After installation, activate the bioinformatics environment:
```bash
conda activate bioinformatics
```

To deactivate:
```bash
conda deactivate
```

## Troubleshooting

### Platform Detection Issues
If the script incorrectly detects your platform or architecture, use the force options:
```bash
./multiplatform_setup.sh --force-platform=linux --force-arch=x86_64
```

### Conda Environment Issues
If packages fail to install due to architecture conflicts, the script will automatically handle the conda subdirectory configuration. For manual fixes:
```bash
conda config --env --set subdir osx-64 # For x86_64 on Mac
conda config --env --set subdir linux-64 # For x86_64 on Linux
```

### Bioconductor Package Installation
Some Bioconductor packages (DESeq2, edgeR, limma, etc.) are automatically installed within the conda environment using BiocManager during setup. This approach is used because conda recipes for these packages are outdated and require ancient R versions.

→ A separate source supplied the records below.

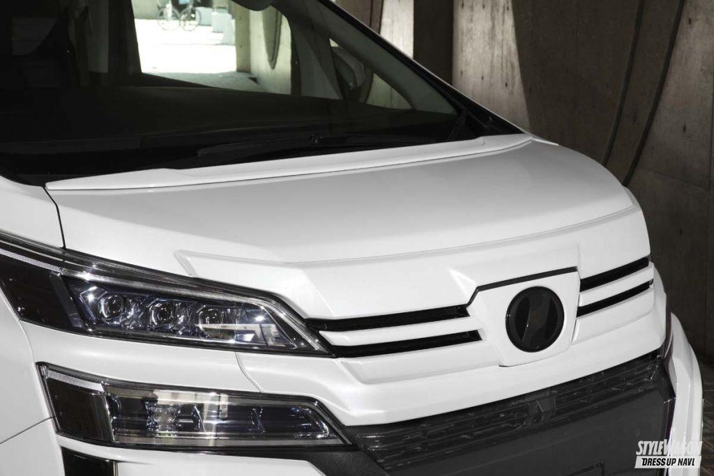 高級Lクラスミニバンのヴェルファイア用としては4種類を揃える。大胆かつ上質感あふれる造形美でブランドのフラッグシップを飾るシンプルハーフな“リチェルカート”、スポーティな雰囲気に磨きをかけたハーフタイプの“デポルテ”、純正ボディラインをリスペクトしつつさりげなくも存在感のある造形美に仕立て上げたフラップエアロの“LSC”、そしてここに紹介する“Belta(ベルタ)”というのがそのラインアップの全貌だ。
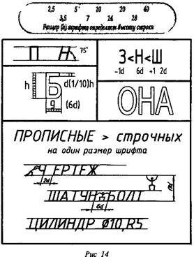 Размер шрифта (h) - величина, определеннаявысотой прописных букв в миллиметрах (рис. 15).
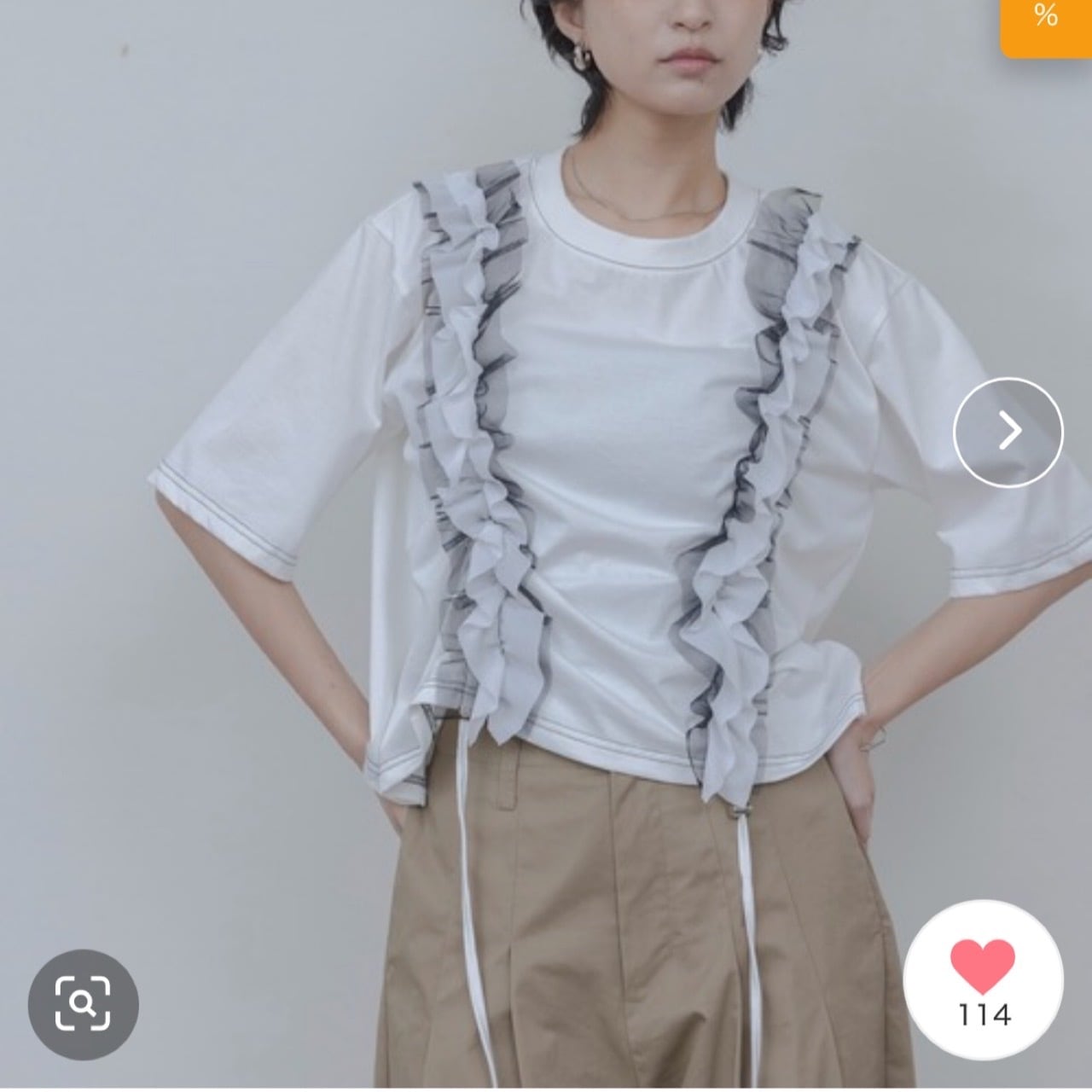 大胆な配色フリルが目を引くデザインTシャツ。

If any fail during setup, you can manually install them:
```bash
conda activate bioinformatics
Rscript install_r_packages.R
# Or within R:
BiocManager::install(c("DESeq2", "edgeR", "limma"))
```

### Missing Dependencies on Linux
For Arch-based systems, ensure your system is up-to-date:
```bash
sudo pacman -Syu
```

## Legacy Script

The original ARM64-only script (`arm64_setup.sh`) has been deprecated in favor of the new multi-platform `multiplatform_setup.sh`. While the file is preserved locally for backwards compatibility, it is no longer tracked in version control. Please use `multiplatform_setup.sh` for all new installations.

## License
This project is licensed under the MIT License. Feel free to use and modify the code as per your needs.